> **Aim of the task**
Retype the listing exactly as it stands, and keep every image out.

> **Data supplied**
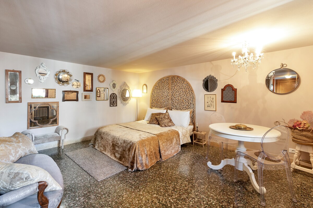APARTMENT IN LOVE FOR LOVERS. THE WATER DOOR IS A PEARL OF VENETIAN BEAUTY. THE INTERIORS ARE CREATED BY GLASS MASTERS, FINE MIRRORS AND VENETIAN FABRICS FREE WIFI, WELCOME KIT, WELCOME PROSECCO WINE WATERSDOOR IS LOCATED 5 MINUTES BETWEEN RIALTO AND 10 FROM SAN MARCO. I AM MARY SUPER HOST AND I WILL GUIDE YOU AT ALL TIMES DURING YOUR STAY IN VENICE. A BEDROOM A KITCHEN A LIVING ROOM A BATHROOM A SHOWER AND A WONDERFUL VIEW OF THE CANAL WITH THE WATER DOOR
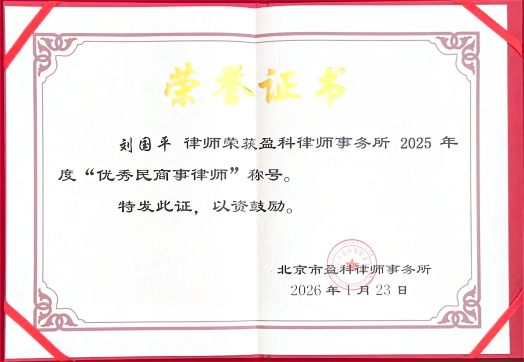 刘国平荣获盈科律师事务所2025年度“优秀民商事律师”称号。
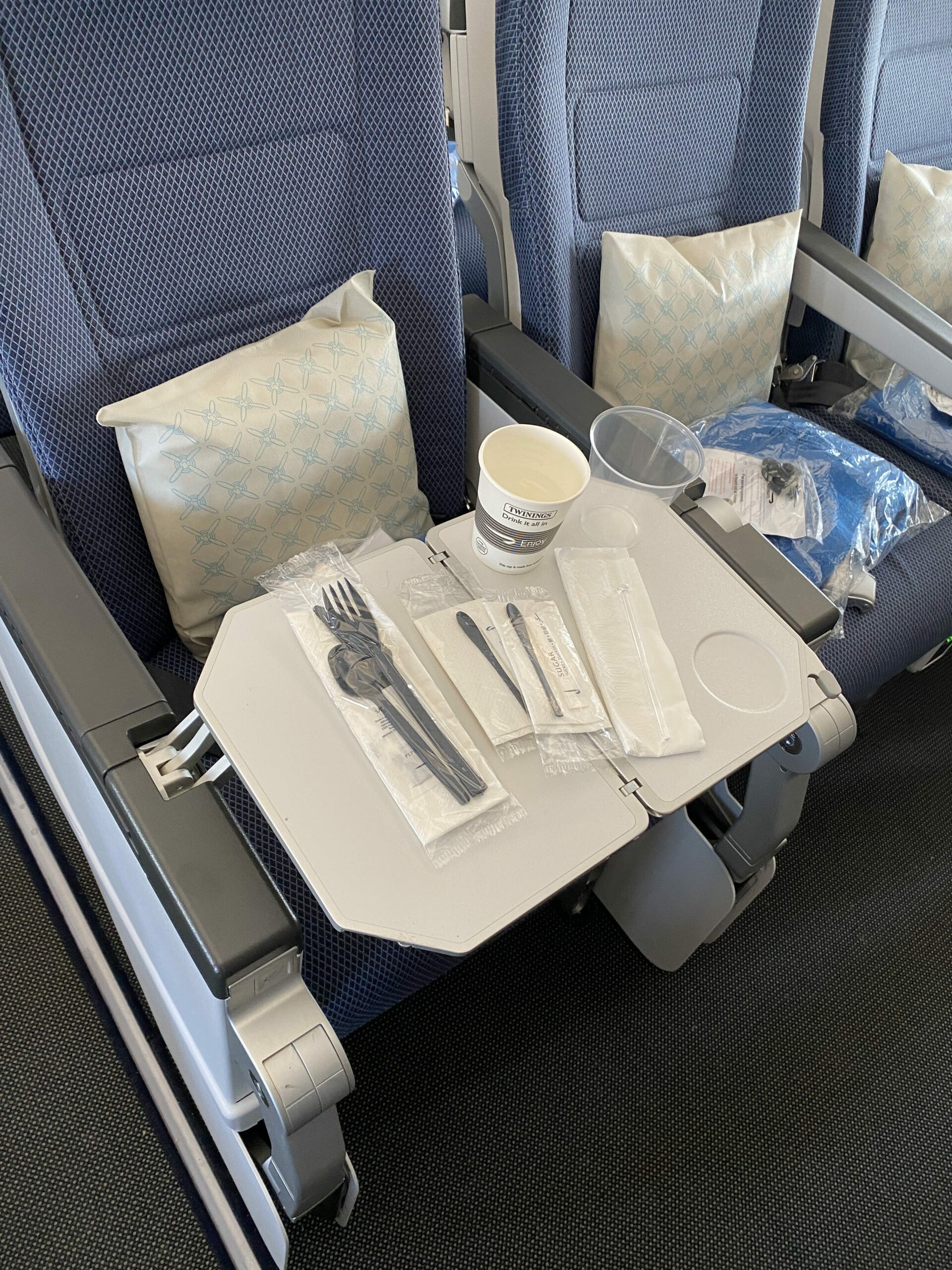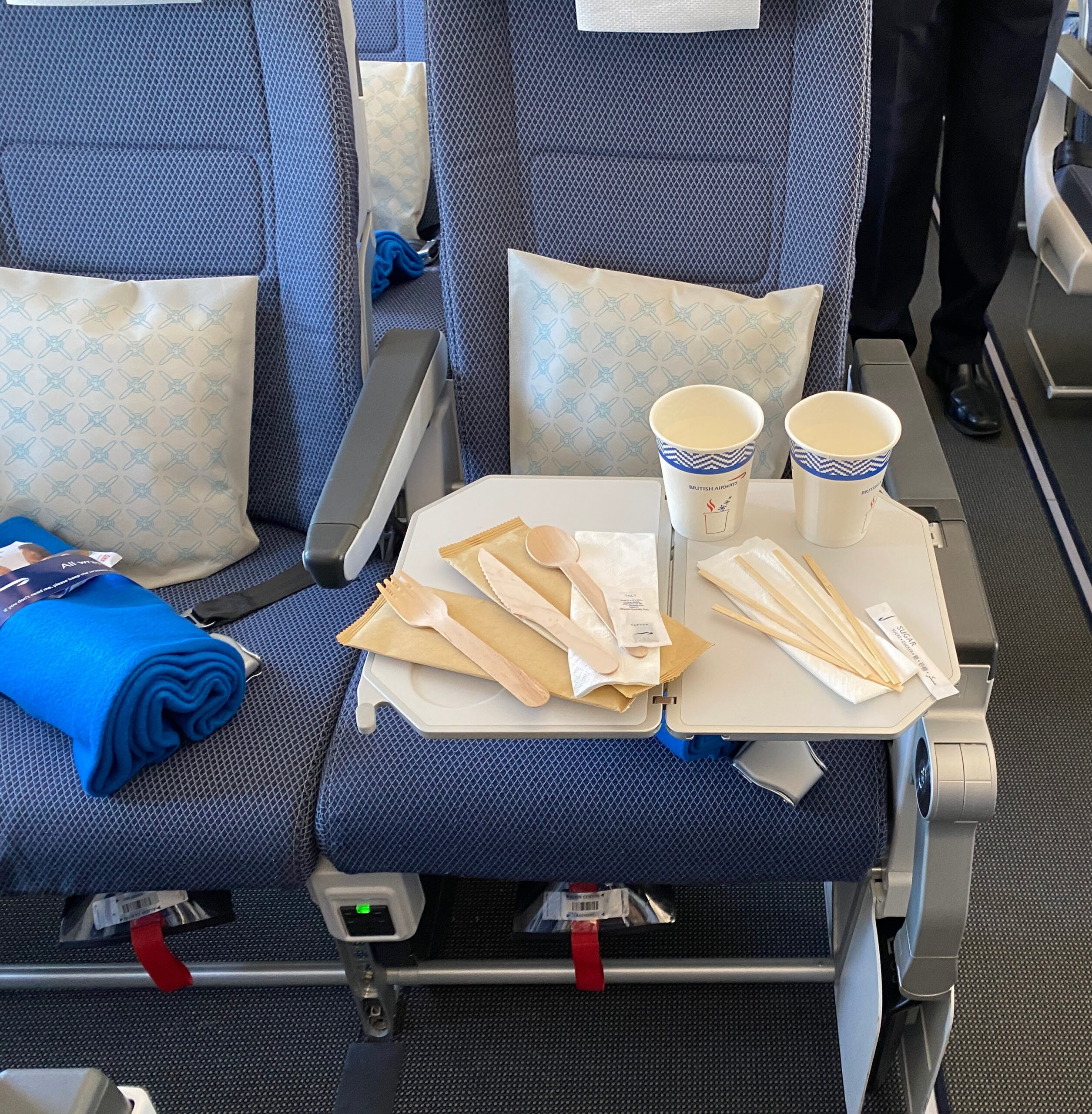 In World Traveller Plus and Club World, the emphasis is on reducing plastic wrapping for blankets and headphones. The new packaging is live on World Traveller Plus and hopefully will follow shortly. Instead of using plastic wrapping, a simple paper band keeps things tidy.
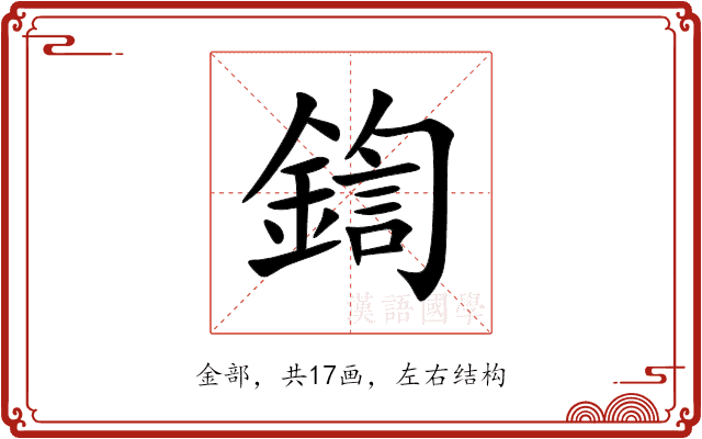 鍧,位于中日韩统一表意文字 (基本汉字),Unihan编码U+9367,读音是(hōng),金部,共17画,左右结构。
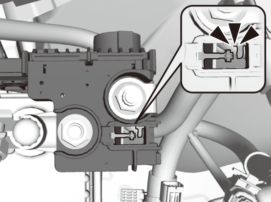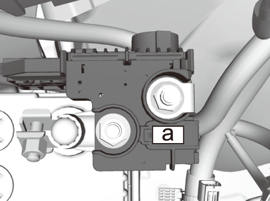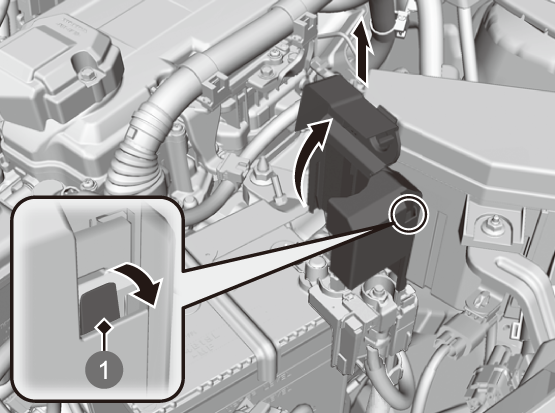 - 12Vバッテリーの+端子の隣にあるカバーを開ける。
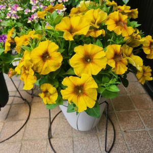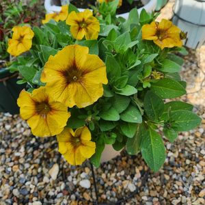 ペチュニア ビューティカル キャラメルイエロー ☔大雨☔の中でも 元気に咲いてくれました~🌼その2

> **Response**
APARTMENT IN LOVE FOR LOVERS. THE WATER DOOR IS A PEARL OF VENETIAN BEAUTY. THE INTERIORS ARE CREATED BY GLASS MASTERS, FINE MIRRORS AND VENETIAN FABRICS FREE WIFI, WELCOME KIT, WELCOME PROSECCO WINE WATERSDOOR IS LOCATED 5 MINUTES BETWEEN RIALTO AND 10 FROM SAN MARCO. I AM MARY SUPER HOST AND I WILL GUIDE YOU AT ALL TIMES DURING YOUR STAY IN VENICE. A BEDROOM A KITCHEN A LIVING ROOM A BATHROOM A SHOWER AND A WONDERFUL VIEW OF THE CANAL WITH THE WATER DOOR
 刘国平荣获盈科律师事务所2025年度“优秀民商事律师”称号。
 In World Traveller Plus and Club World, the emphasis is on reducing plastic wrapping for blankets and headphones. The new packaging is live on World Traveller Plus and hopefully will follow shortly. Instead of using plastic wrapping, a simple paper band keeps things tidy.
 鍧,位于中日韩统一表意文字 (基本汉字),Unihan编码U+9367,读音是(hōng),金部,共17画,左右结构。
 - 12Vバッテリーの+端子の隣にあるカバーを開ける。
 ペチュニア ビューティカル キャラメルイエロー ☔大雨☔の中でも 元気に咲いてくれました~🌼その2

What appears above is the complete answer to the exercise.